Oh, and coincidently, I was sort of reading up on Cauchy Sequences and Dedekind Cuts earlier today when I was looking up stuff on bijections and isomorphisms!

9. May 28, 2007

### Hurkyl

Staff Emeritus
The axiom of replacement is very convenient:

Let S be a set contained in the domain of the function f. Then,
{ f(x) | x in S }​
is a set.

If f can be represented as a set of ordered pairs, then you can prove this from the other axioms; it's needed for those cases when you do not yet know if f has such a representation.

But even this is overkill for the type of application you're talking about: if you have an injective map f:S --> T, it's easy enough to construct a new set T' by replacing everything in the image of f with its preimage in S. If S and T have additional structure (like a field structure), it's easy enough to invoke f to build the corresponding additional structure on T'.

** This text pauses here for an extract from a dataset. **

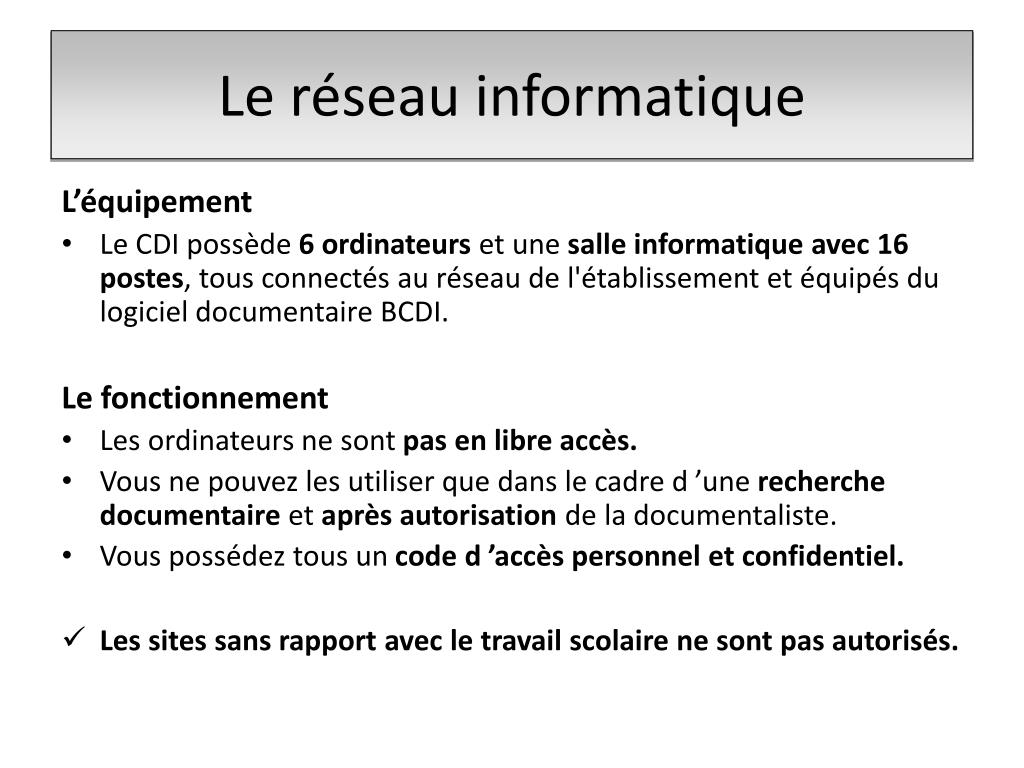 Le réseau informatique • L’équipement • Le CDI possède 6 ordinateurs etune salle informatique avec 16 postes, tous connectés au réseau de l'établissement et équipés du logiciel documentaire BCDI. • Le fonctionnement • Les ordinateurs ne sont pas en libre accès. • Vous ne pouvez les utiliser que dans le cadre d ’une recherche documentaire et après autorisation de la documentaliste. • Vous possédez tous un code d ’accès personnel et confidentiel. • Les sites sans rapport avec le travail scolaire ne sont pas autorisés.

Incidentally, it is often more convenient to study injective maps f:S-->T rather than the subsets of T. In particular, to define a field extension of K as a homomorphism K --> L, rather than as a field L that contains K as a subset. IMHO, the style of set theoretic proofs seems to put too much emphasis on identity.

10. May 28, 2007

### AKG

But there's no significant difference in terms of the algebraic structure. Suppose G is the field that's isomorphic to the extension that's desired. This means that there's some subset F' of G that's isomorphic to F. In your mind, create a new field G' which is the same as G except the elements in F' are replaced with their corresponding elements in F, with the field operations acting on the elements of F as they would on their counterparts in F'.